The nine-member commission is charged with studying expanding Medicaid, the potential impact of expansion on New Hampshire and possible alternatives. The commission is to report by Oct. 15. Hassan has said a special legislative session may be needed in the fall to authorize Medicaid expansion and begin capturing the $2.5 billion in federal funding the state would get over seven years.

Also Friday, the University System of New Hampshire Board of Trustees honored a commitment to freeze in-state tuition if the Legislature restored aid cuts made two years ago. Increasing funding for higher education was a priority shared by Hassan, the Republican-led Senate and Democratic House. The final package contained $153 million in aid and the university system’s board voted to freeze in-state tuition for two years, the first such freeze in 25 years.

The budget failed to address the need for highway improvements or how to keep the Interstate 93 expansion project going after the fall of 2015. About $250 million is needed to finish the project.
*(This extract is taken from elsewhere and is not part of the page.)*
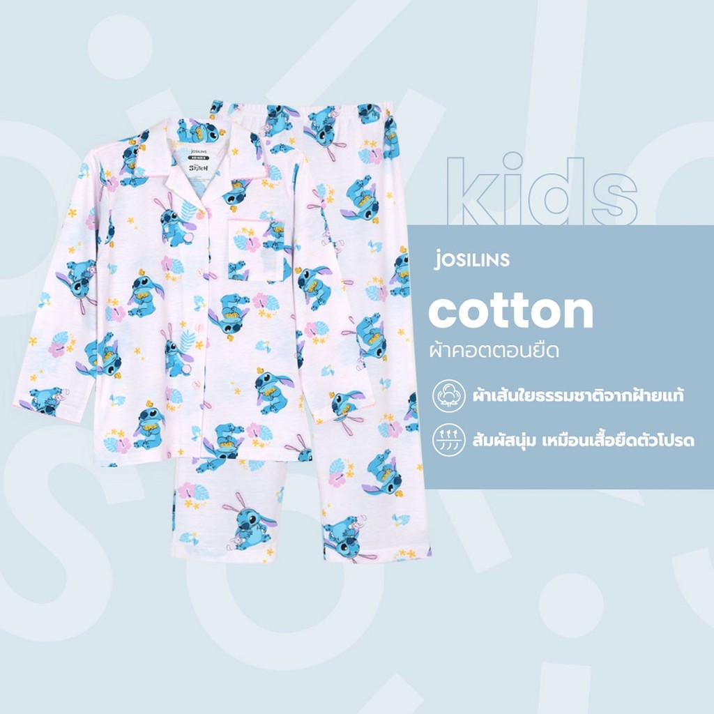 Josilins ชุดนอน ชุดอยู่บ้าน เด็ก ป้าย momoji ลิขสิทธิ์ ดิสนีย์ Disney ลาย Stitch Cutie ผ้ายืด
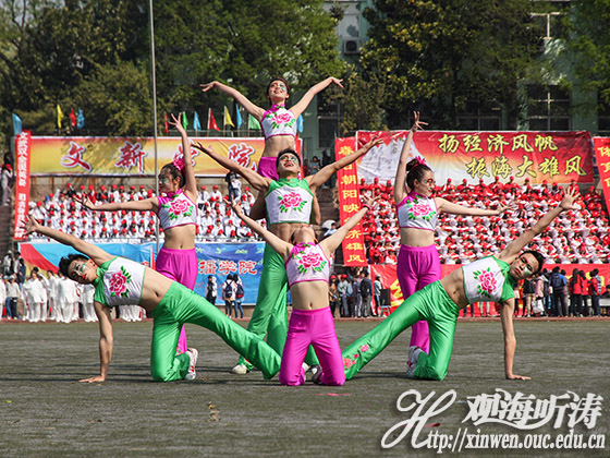 在运动员代表刘翔宇、裁判员代表许冠忠相继宣誓后,进行了教职工广播体操表演,教工们一改平时的严肃形象,把活力与青春的一面展现在了全场观众面前。水产学院,化学化工学院的健美操表演和管理学院的啦啦操表演更是将体育场内的气氛推向了又一个高潮。离退休老教师们的太极剑表演,刚柔并济,整齐划一,获得了观众的好评。

The Senate proposed legalizing a casino to fund the expansion and other highway improvements as well as higher education and development in the North Country. The House rejected the casino bill and the Senate killed a House proposal to phase in a 12-cent increase in the gas and diesel tax to pay for roads and bridges.

While increasing funds for services for the disabled and mentally ill, the budget also requires the Department of Health and Human Services to make $7 million in unspecified cuts, which some fear could affect those programs.

Funding was included to give state workers their first raise in 4½ years, but the budget also requires the governor to cut $10 million in staff and benefits that could result in layoffs.

Perhaps the biggest hurdle to winning compromise on a package was getting Senate Republican leaders to agree to a 3½-month study on Medicaid expansion rather than a study taking more than a year.

The expansion would add anyone under age 65 who earns up to 138 percent of federal poverty guidelines, which is about $15,000 for a single adult.